▶ Your instructions: Write out, word for word and with no pictures, each line below from the one containing "Keeping History Alive" through the one containing "Fig. 5, Maison", both included, and no other line.

▶ Data listing:
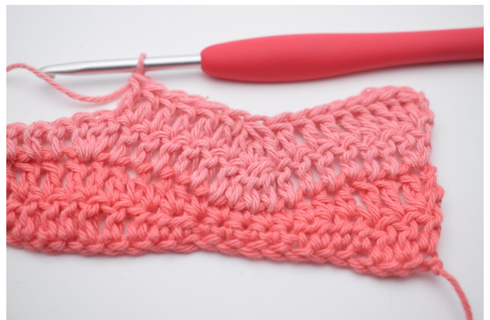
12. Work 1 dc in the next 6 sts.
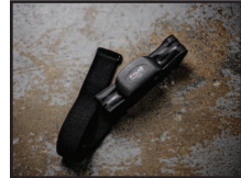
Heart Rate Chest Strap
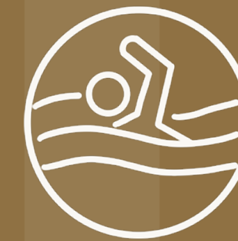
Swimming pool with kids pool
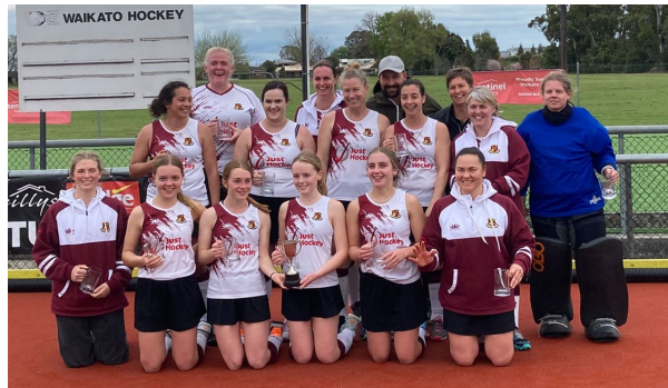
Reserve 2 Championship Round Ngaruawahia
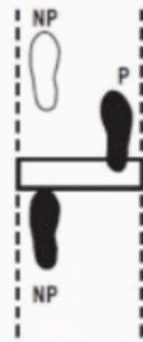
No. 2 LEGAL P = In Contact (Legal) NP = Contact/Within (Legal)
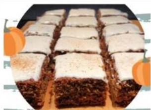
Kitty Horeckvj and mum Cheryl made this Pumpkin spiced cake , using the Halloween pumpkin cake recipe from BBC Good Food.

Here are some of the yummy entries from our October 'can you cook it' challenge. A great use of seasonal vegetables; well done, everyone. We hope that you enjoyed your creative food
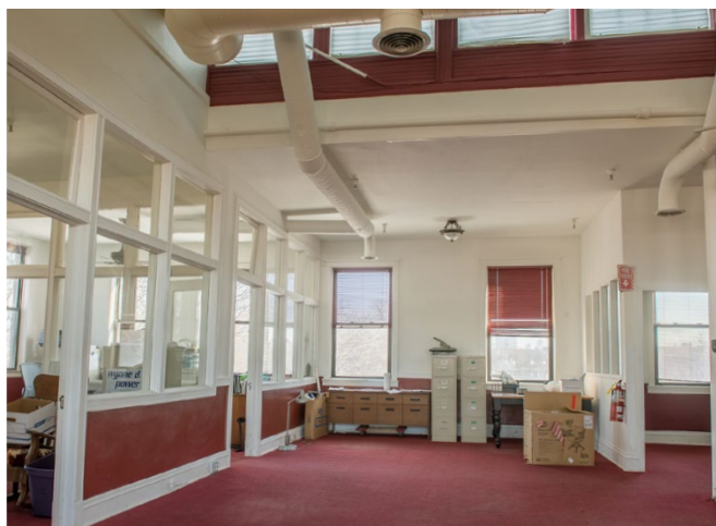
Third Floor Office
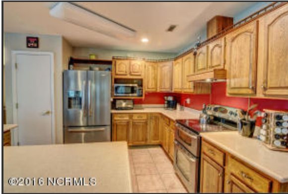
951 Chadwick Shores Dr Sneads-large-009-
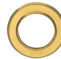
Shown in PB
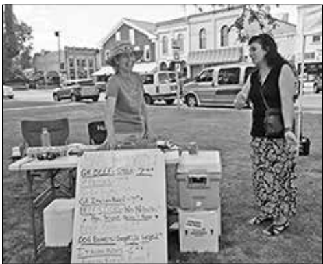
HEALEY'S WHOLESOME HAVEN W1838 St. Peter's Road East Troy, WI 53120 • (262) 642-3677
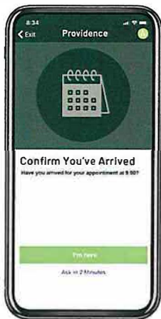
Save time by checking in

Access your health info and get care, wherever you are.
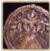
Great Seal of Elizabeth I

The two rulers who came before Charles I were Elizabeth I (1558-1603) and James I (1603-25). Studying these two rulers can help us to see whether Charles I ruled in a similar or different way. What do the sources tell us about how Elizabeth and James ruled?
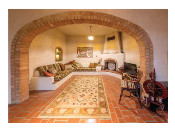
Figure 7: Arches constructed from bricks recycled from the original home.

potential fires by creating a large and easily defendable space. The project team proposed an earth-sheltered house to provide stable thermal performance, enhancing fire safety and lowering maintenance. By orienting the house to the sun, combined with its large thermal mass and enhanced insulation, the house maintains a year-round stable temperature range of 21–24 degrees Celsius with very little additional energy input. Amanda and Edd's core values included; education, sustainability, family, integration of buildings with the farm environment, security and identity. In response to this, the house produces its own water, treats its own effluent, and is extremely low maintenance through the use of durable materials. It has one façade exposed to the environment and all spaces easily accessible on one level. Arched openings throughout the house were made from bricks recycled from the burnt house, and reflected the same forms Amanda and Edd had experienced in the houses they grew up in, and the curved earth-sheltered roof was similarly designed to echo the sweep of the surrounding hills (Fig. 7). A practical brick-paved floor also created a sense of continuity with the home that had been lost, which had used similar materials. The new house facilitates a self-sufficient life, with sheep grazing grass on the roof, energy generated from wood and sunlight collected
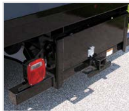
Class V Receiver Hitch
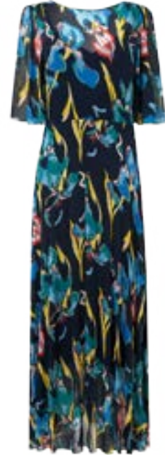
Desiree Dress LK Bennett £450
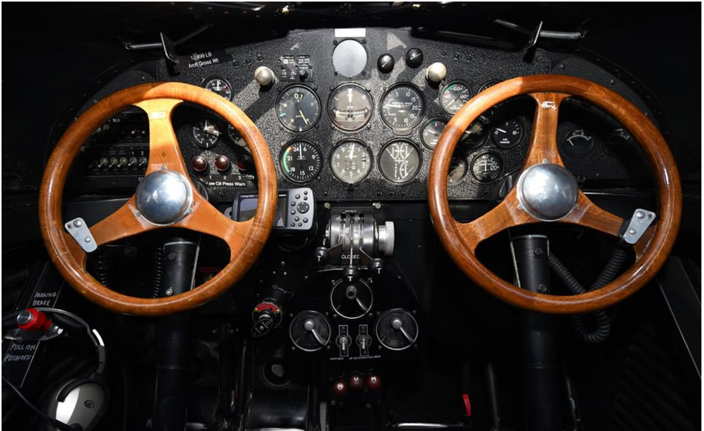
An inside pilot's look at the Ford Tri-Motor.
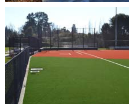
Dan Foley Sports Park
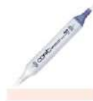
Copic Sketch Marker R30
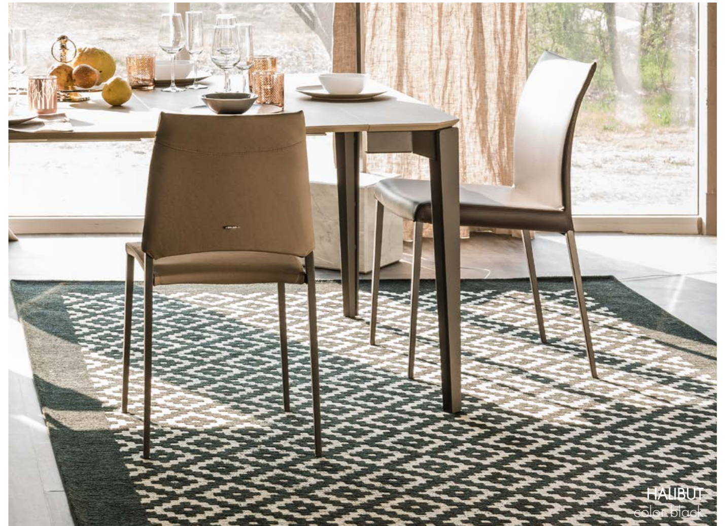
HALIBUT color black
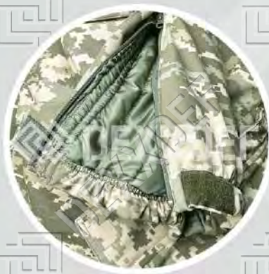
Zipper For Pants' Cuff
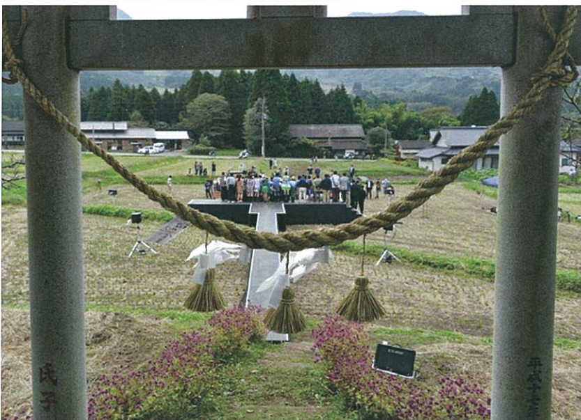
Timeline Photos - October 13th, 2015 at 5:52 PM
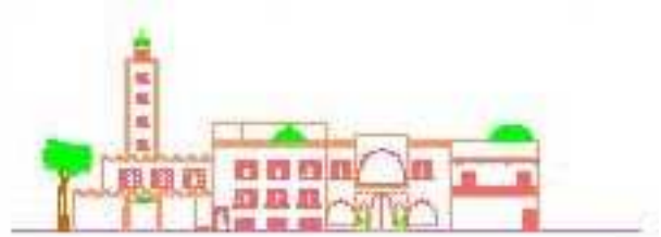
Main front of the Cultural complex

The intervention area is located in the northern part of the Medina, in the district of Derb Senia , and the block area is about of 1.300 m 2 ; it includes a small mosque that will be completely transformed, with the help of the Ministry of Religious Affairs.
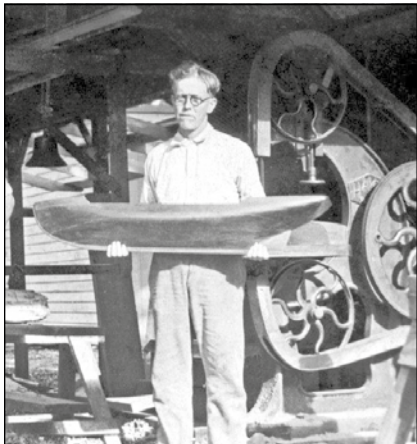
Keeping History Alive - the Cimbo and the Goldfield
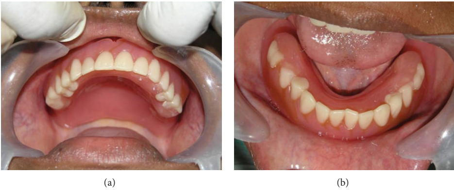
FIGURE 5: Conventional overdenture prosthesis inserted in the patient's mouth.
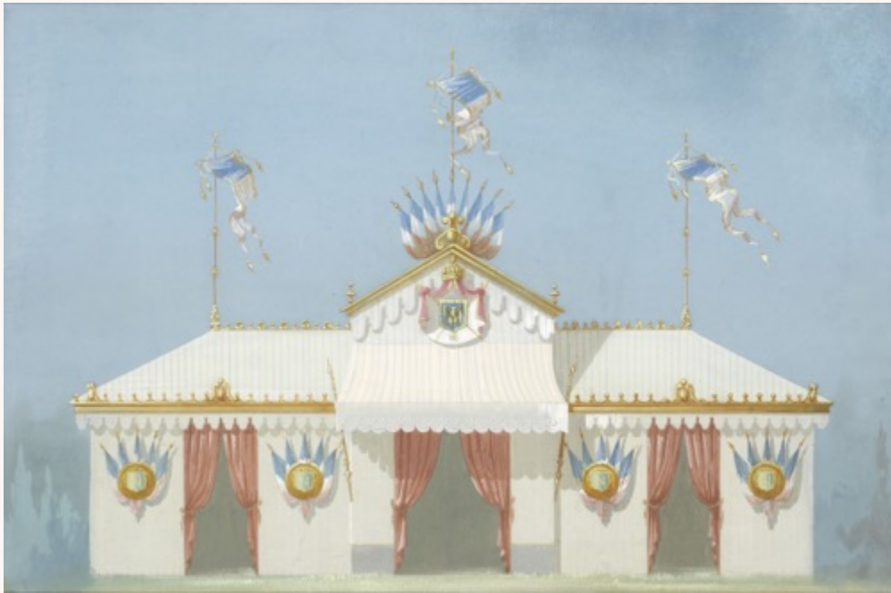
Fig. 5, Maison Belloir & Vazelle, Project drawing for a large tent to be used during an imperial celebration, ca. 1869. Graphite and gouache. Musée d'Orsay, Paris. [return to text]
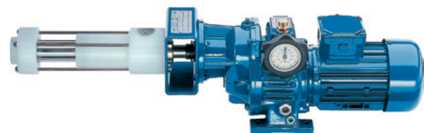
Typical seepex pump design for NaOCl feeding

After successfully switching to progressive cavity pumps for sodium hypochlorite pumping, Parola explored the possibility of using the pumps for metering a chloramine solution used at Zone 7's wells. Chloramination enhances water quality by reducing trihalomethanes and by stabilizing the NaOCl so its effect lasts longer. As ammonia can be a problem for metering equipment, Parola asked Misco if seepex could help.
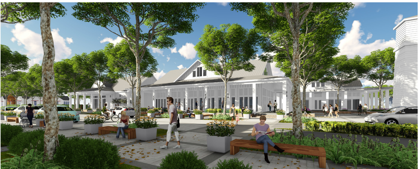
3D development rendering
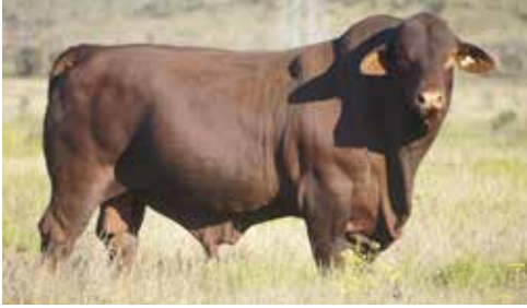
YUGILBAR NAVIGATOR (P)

▶ Task response:
Keeping History Alive - the Cimbo and the Goldfield
FIGURE 5: Conventional overdenture prosthesis inserted in the patient's mouth.
Fig. 5, Maison Belloir & Vazelle, Project drawing for a large tent to be used during an imperial celebration, ca. 1869. Graphite and gouache. Musée d'Orsay, Paris. [return to text]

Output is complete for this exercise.